Diplomacy —peanut and regular — is tricky. It’s only now that I sit down to write about this topic, I’m forced to face how much actual time pondering the the pitfalls and potential of the practice.
Here’s how the Merriam Webster dictionary defines run-of-the-mill diplomacy:
1 : the art and practice of conducting negotiations between nations. 2 : skill in handling affairs without arousing hostility
Pretty similar, really, to my theory of Peanut Diplomacy:
1: the art and practice of initiating and maintaining diplomatic relations with another species (in this example, crows.) 2: skill in handling affairs without arousing hostility (towards yourself, or amongst your diplomatic counterparts.)
Why Peanut Diplomacy?
Let’s face it, unless you have inadvertently tipped a plate of french fries onto the sidewalk, you are of little specific interest to the busy crow population. If you want to open talks with them, peanuts are a great place to start.
Benefits of Peanut Diplomacy
Practiced with finesse, the art of judicious peanut distribution has many benefits. You can have the thrill of being greeted daily by your new crow friends. I am sure they love you for yourself, but the peanuts really help them discover your interesting side.
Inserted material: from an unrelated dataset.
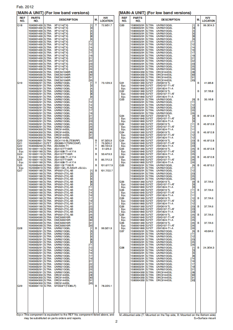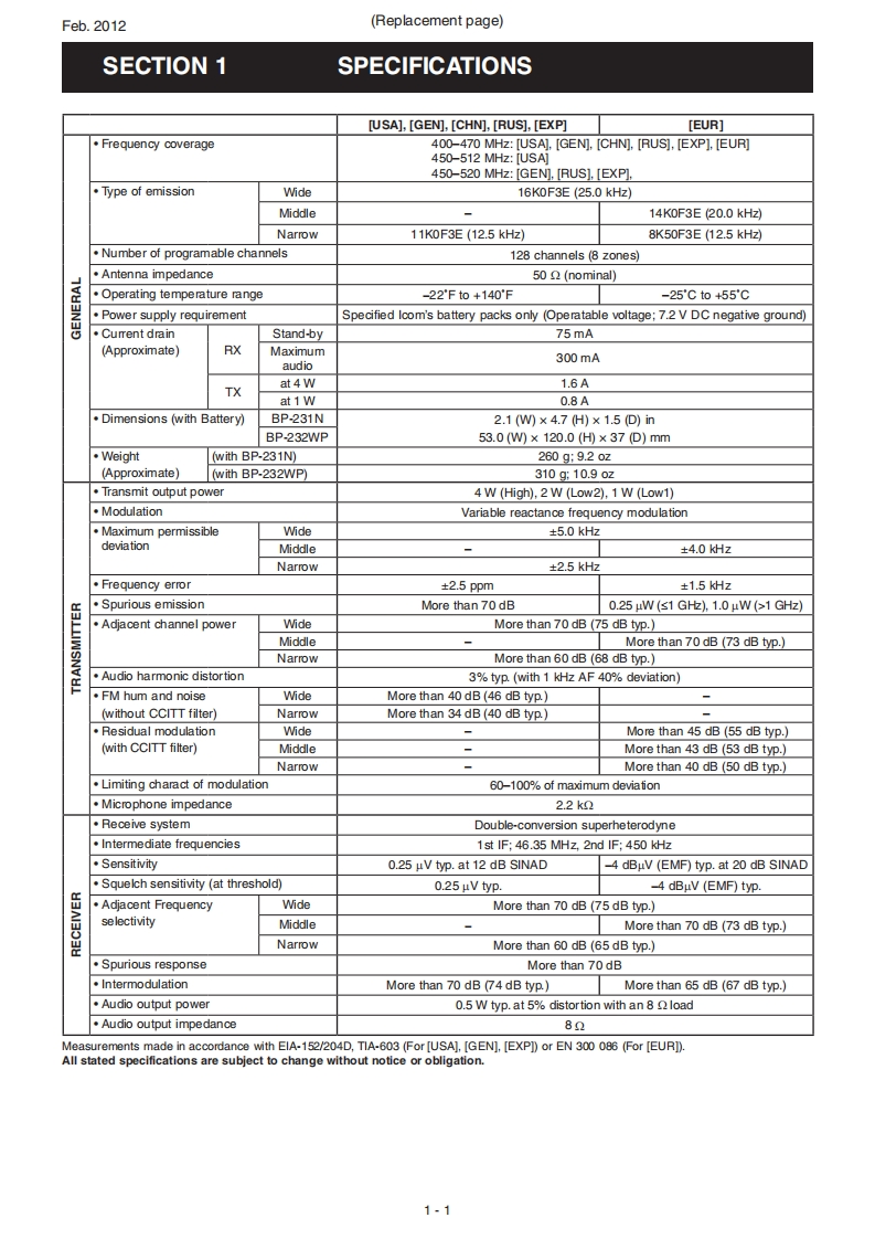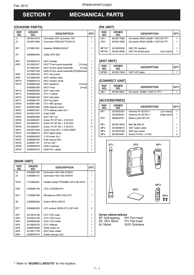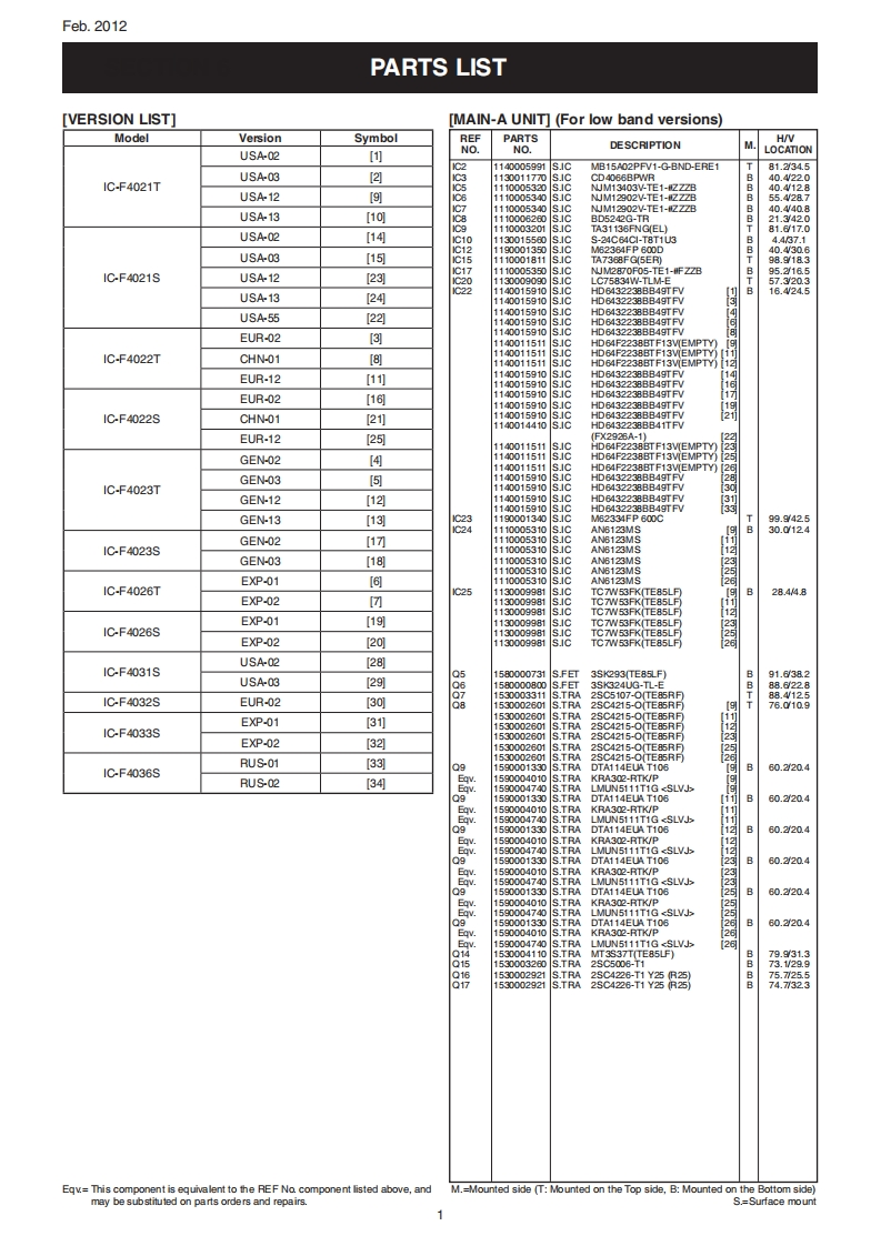 Feb.2012iCOMSERVICE MANUALADDENDUM1C-F4021F4022/F4023/F4026/S/T1C-F4031S/F4032S/F4033S/F4036SCONTENTSREPLACEMENT PAGES..·1-1and7-1PARTS LIST..............1BOARD LAYOUTS.23VOLTAGE DIAGRAM.........................25[VERSION LIST]ModelVersionFrequency(MHz)Channel spacing(kHz)KeypadUSA-02400-470 (Low band)12.5/30.0USA-03450-520(High band)1C-F4021TUSA-12400-470 (Low band)10-keyUSA-13450-520 (High band)12.5/25.0USA-02400-470 (Low band)USA-03450-520 (High band)1C-F4021SUSA-12400-470 (Low band)4-keyUSA-136.25/12.5/25.0450-520 (High band)USA-5512.5/25.0EUR-026.2512.5/20.0/25.01C-F4022TCHN-0112.5/25.010-keyEUR-12400-470 (Low band)6.25/12.5/20.0/25.0EUR-0212.5/25.01C-F4022SCHN-014-keyEUR-126.25/12.5/20.0/25.0GEN-02GEN-031C-F4023T450-520 (High band)GEN-12400-470 (Low band)10-keyGEN-13450-520 (High band)1C-F4023SGEN-02400-470 (Low band)GEN-03450-520 (High band)4-key12.5/25.0EXP-01400-470 (Low band)1C-F4026T10-keyEXP-02450-520 (High band)EXP-011C-F4026S400-470 (Low band)EXP-02450-520 (High band)1C-F4031SUSA-02400-470 (Low band)USA-03450-520(High band)1C-F4032SEUR-0212.5/20.0/25.0400-470 (Low band)4-key1C-F4033SEXP-01EXP-02450-520 (High band)12.5/25.0RUS-011C-F4036400-470 (Low band)RUS-02450-520 (High band)

Over time you can come to observe individuals and small crow families and learn to appreciate how different, funny, and interesting they all are.
Pitfalls of Peanut Diplomacy
As with political diplomacy, things can easily go sideways. You don’t want to bring any harm to your new crow friends. You also don’t want your neighbours starting to hate you.
Peanut Diplomacy Tips
Keeping the Peace
One of the things you don’t want is to create friction amongst various factions of your new friends. In the years I’ve been engaged in the PD field, I’ve always managed to keep the backyard visitors to one family of crows. This takes a bit of diligence, watching out for “your” crows to be nearby before you put out the peanuts and bringing the treats in again if “invaders” try to horn in.
Over the last decade there have been several peaceful coups.
First we had Eric and Clara and their offspring. They moved down the street, of their own accord and Hank and Vera took over. H & V didn’t come back after the mating season one year and we entered the George and Mabel years. Since we lost George in 2018, Mabel has moved down the street and found a new mate and we now have Marvin and Mavis as our corvid garden guardians.
Currently, there is some local tension because Mabel has two juvenile crows from last summer and, while Mabel herself (well versed in the rules of territorial rules) doesn’t come to our garden, she doesn’t discourage the two teenagers from exploring this end of the block. Marvin and Mavis are not pleased, so I’m careful not to put peanuts out unless they are right there. I’d hate to see them attacking Mabel’s young ones because of me.
A subsection of keeping the peace, is distributing peanuts while out walking. In effect you and your peanuts become mobile territory to be squabbled over. I try to avoid this by observing the local boundaries and never dropping peanuts in the “no crow’s land” between domains. Some years it’s more difficult than others to keep the peace.
Mr. and Mrs. Pants didn’t have any surviving fledglings last year — but their neighbours did, and the larger family is trying to horn in on Mr and Mrs P’s corner. We had a few near “diplomatic incidents” when I tried to leave a few nuts for the Pantses earlier this year, so now I either walk another way, or if it seems quiet, try to leave a few nuts near them but out of sight of the bossy neighbours.
If I find I’m suddenly feeling like an extra in Hitchcock’s The Birds, being followed by a small murder of crows, all ignoring the customary boundaries, then it’s time to change my walking route for a week or two to break the pattern.
If there are challenging conditions out (snow covered or frozen, or drought-baked ground) I will offer more nuts. For Marvin and Mavis, when Mavis had pox on her foot, I put out more nutritious food too until she got better. Generally though, I try to just put out enough peanuts to assure my crow pals that I appreciate their letting me take their photographs, and value their friendship.
I don’t want them to come to rely on me for food — for their own good, and so I can sometimes go on holiday without fretting about their survival.
I’ve often read that crows prefer peanuts in the shell, and they do! But all those peanut shells end up everywhere. In your roof gutters. Even worse, in your neighbours’ roof gutters. In the interests of human diplomacy, I find it’s better to offer shelled, unsalted nuts. Good quality cat or dog kibble is good too.
Extra Peanut Fun
While Marvin and Mavis always get a “no strings” breakfast, sometimes they come back for visits later in the day and then we have some fun with doing tricks for peanuts.
I “trained” them to pose with my crow calendar at times during the last couple of years, but a favourite is putting the peanuts in more challenging spots. Here Marvin competes in the Picket Fence Challenge.
I’m sure some of you are already accomplished peanut ambassadors, so do forgive my ramblings. And, if you’re just thinking of exploring the world of peanut politics, don’t let me make it seem too complicated. Have fun and make friends!